How to Choose an AI Automation Platform
An AI automation platform should help you build a reliable process, not only connect an AI model to a trigger.
The right platform depends on:
- the task you want to automate;
- the systems and files involved;
- whether you need local or cloud models;
- the level of control required;
- who will build and maintain the workflow;
- how important testing and monitoring are;
- the sensitivity of the data; and
- the total cost of producing an approved result.
Some platforms focus on connecting many online applications.
Others focus on visual workflow design, AI agents, document processing, developer infrastructure, or private local execution.
Begin with one real workflow and evaluate platforms against that task.
A long feature list is less useful than evidence that the platform can handle your normal inputs, exceptions, tools, review steps, and failures.

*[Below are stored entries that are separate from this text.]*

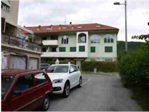
area di accesso al complesso via Piave civ. 224 C/D/E - mappale 673
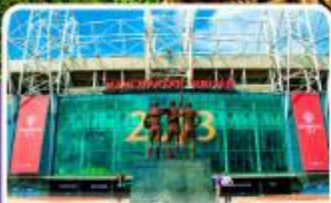
สนามโอลด์แทรฟฟอร์ด
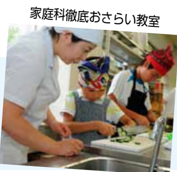
家庭科徹底おさらい教室
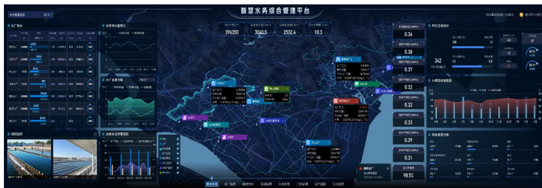
智慧水务综合管理平台

公司数字水务解决方案同样采用云-管-端的服务架构，涵盖水务场景下的智能终端感知、智能网络传输、智能数据采集和智慧业务运营，并一直延伸到 C 端用户的智慧服务。目前公司已经开发了各类民用和工商业智能水务终端，利用机电转换、超声传感和电磁传感等技术产生业务源数据，通过NB-IoT网络将海量业务数据汇集于IoT大数据平台，用于水务企业客户服务、运行调度、漏损治理、数据驾驶舱等各项应用功能。目前数字水务整体解决方案主要包含数字水务一体化整体解决方案、DMA分区漏损控制解决方案、二次供水综合解决方案、农饮水一体化整体解决方案，助力水务企业更高效运营、更科学管理、更优质服务。
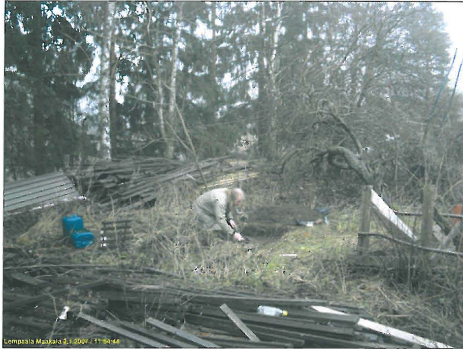
Koekuoppa kaivetaan pihamaalla, päärakennuksen kaakkoispuolella. taustan puut ovat vanhalla rantatörmällä. Kuopan sijainti: y 2487 466 x 6799 686.
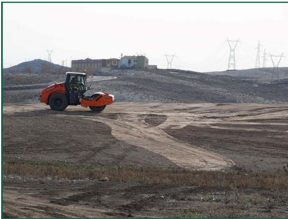
Fotografía 3. Allanado del terreno.

Por el momento la tierra extraída durante la realización de zanjas ha sido colocada en acopios que posteriormente serán colocados en su respectivo lugar. Además, se ha homogenizado la superficie mediante el uso de traíllas y se han retirado las piedras de mayor tamaño.
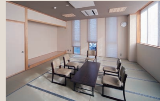
茶道・華道など日本文化にふれる和室
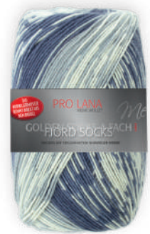
Farbe Nr. 191 marine color
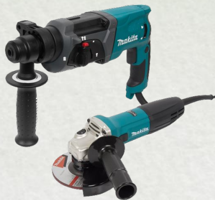
ЛМ 82957418 Набор (перфоратор и ушм) DK0120 Makita

Define the workflow before comparing platforms
Write down the process you want to improve.
Include:
- what starts the workflow;
- which information it receives;
- what AI should do;
- which exact rules apply;
- which systems or tools are involved;
- what result is expected;
- who reviews it;
- what happens when a step fails; and
- how often the process runs.
For example:
Receive project updates
→ Extract progress, blockers, owners, and deadlines
→ Validate required fields
→ Prepare a weekly report
→ Return the draft for review
This description gives you practical evaluation criteria.
Avoid choosing a platform first and then inventing workflows merely to use its features.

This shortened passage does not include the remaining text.